▶ [Problem requirements]
The answer is all of the data repeated exactly, with each picture omitted.

▶ [Material provided]
↓

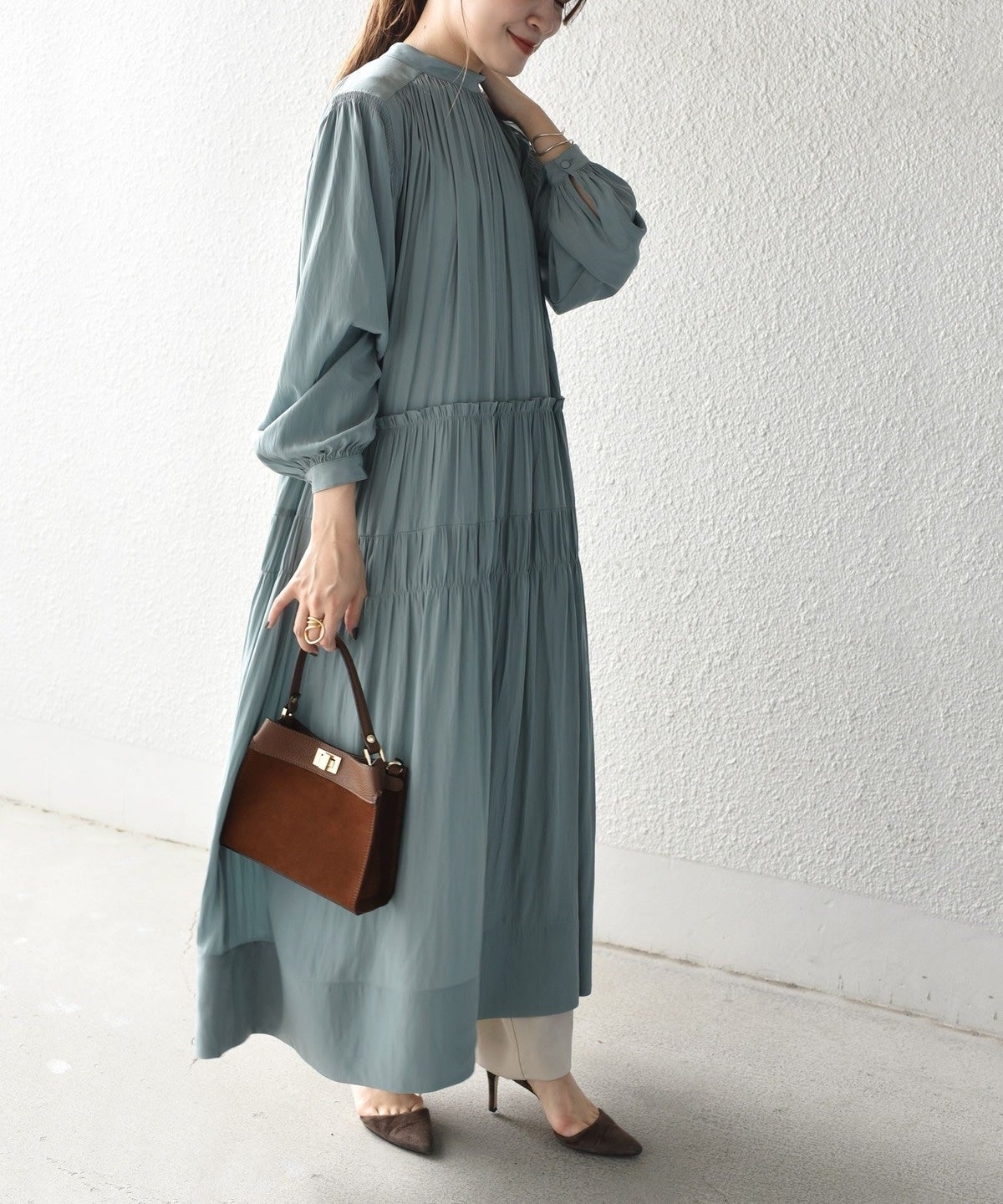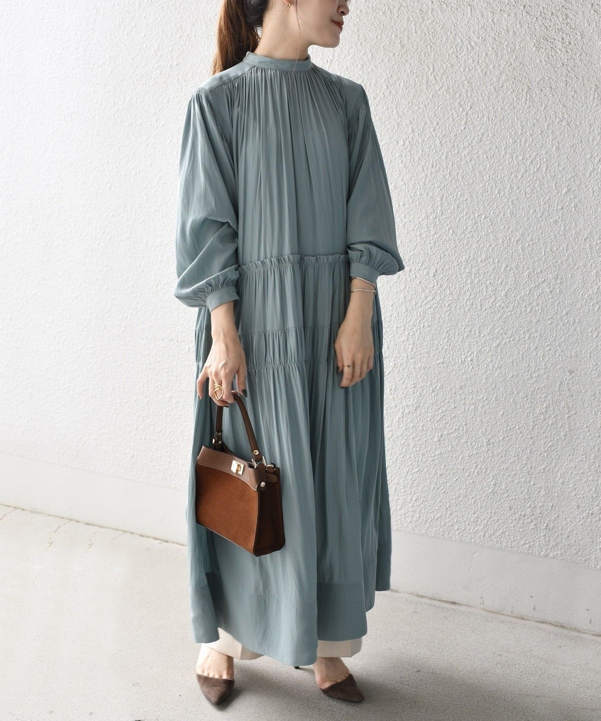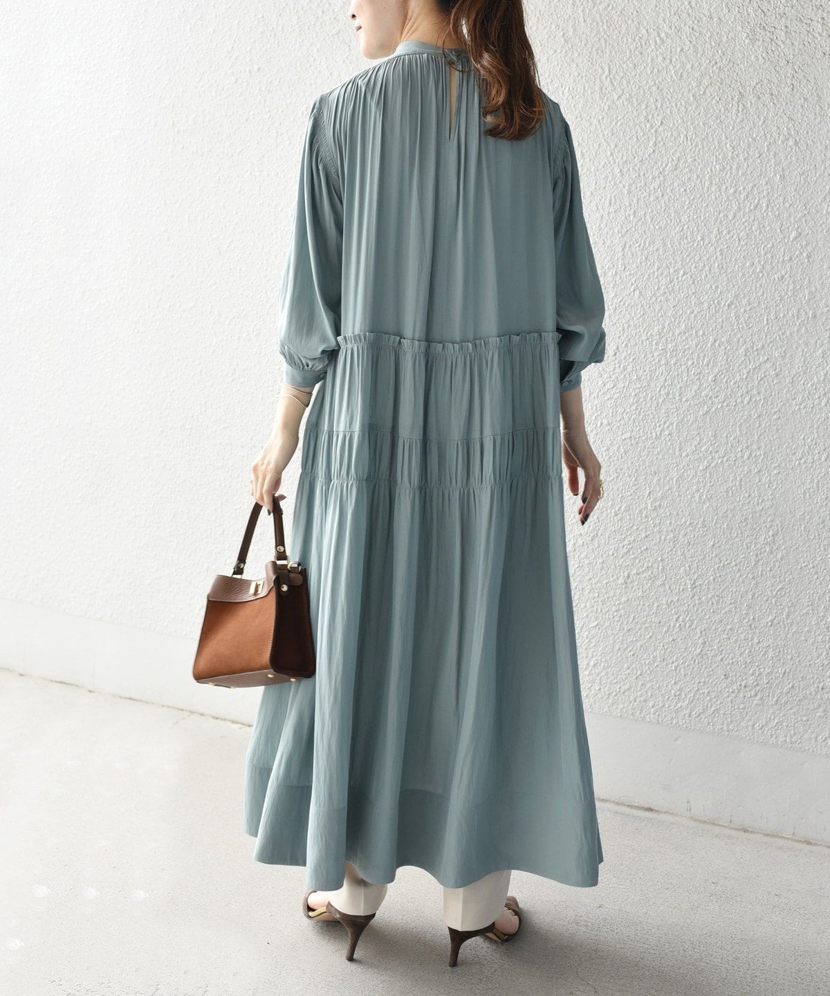 〈手洗い可能〉ソリッドカッセンギャザーワンピース
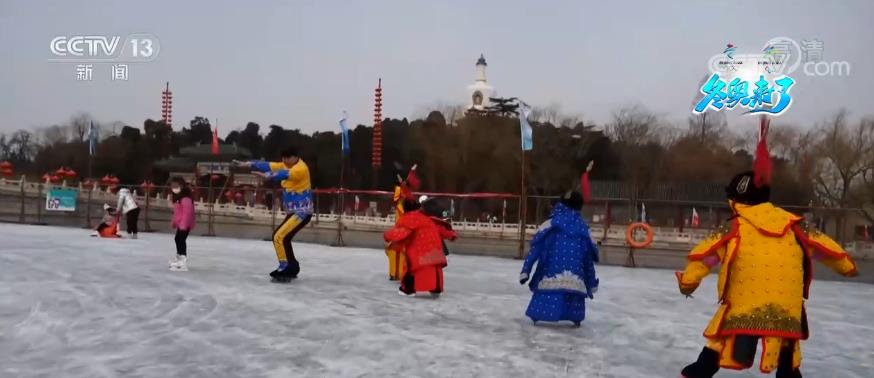 昔日举行清代冰嬉大典的北海冰面上,身穿传统服饰的孩子们,跟着教练学习冰嬉动作。从“跑冰”到“双飞燕”,一次次摔倒与尝试,也让兴趣的种子在心间生根发芽。
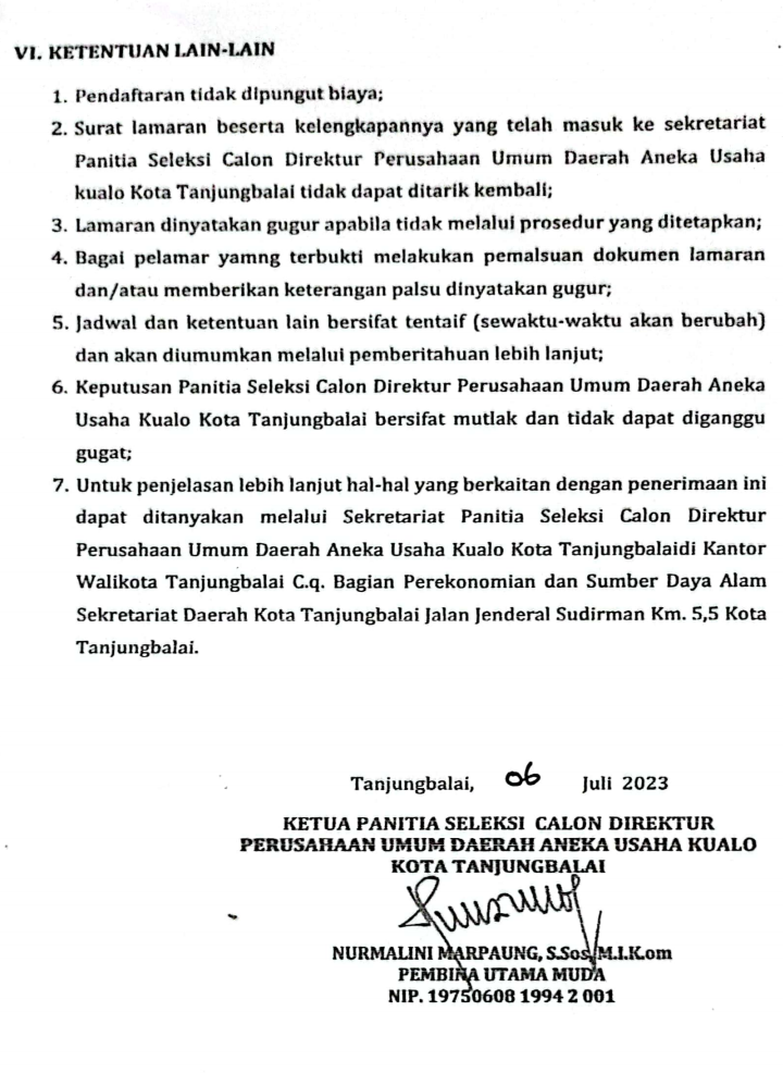 7. Untuk penjelasan lebih lanjut hal-hal yang berkaitan dengan penerimaan ini dapat ditanyakan melalui Sekretariat Panitia Seleksi Calon Direktur Perusahaan Umum Daerah Aneka Usaha Kualo Kota Tanjungbalai di Kantor

↑

▶ [Response to this task]
 〈手洗い可能〉ソリッドカッセンギャザーワンピース
 昔日举行清代冰嬉大典的北海冰面上,身穿传统服饰的孩子们,跟着教练学习冰嬉动作。从“跑冰”到“双飞燕”,一次次摔倒与尝试,也让兴趣的种子在心间生根发芽。
 7. Untuk penjelasan lebih lanjut hal-hal yang berkaitan dengan penerimaan ini dapat ditanyakan melalui Sekretariat Panitia Seleksi Calon Direktur Perusahaan Umum Daerah Aneka Usaha Kualo Kota Tanjungbalai di Kantor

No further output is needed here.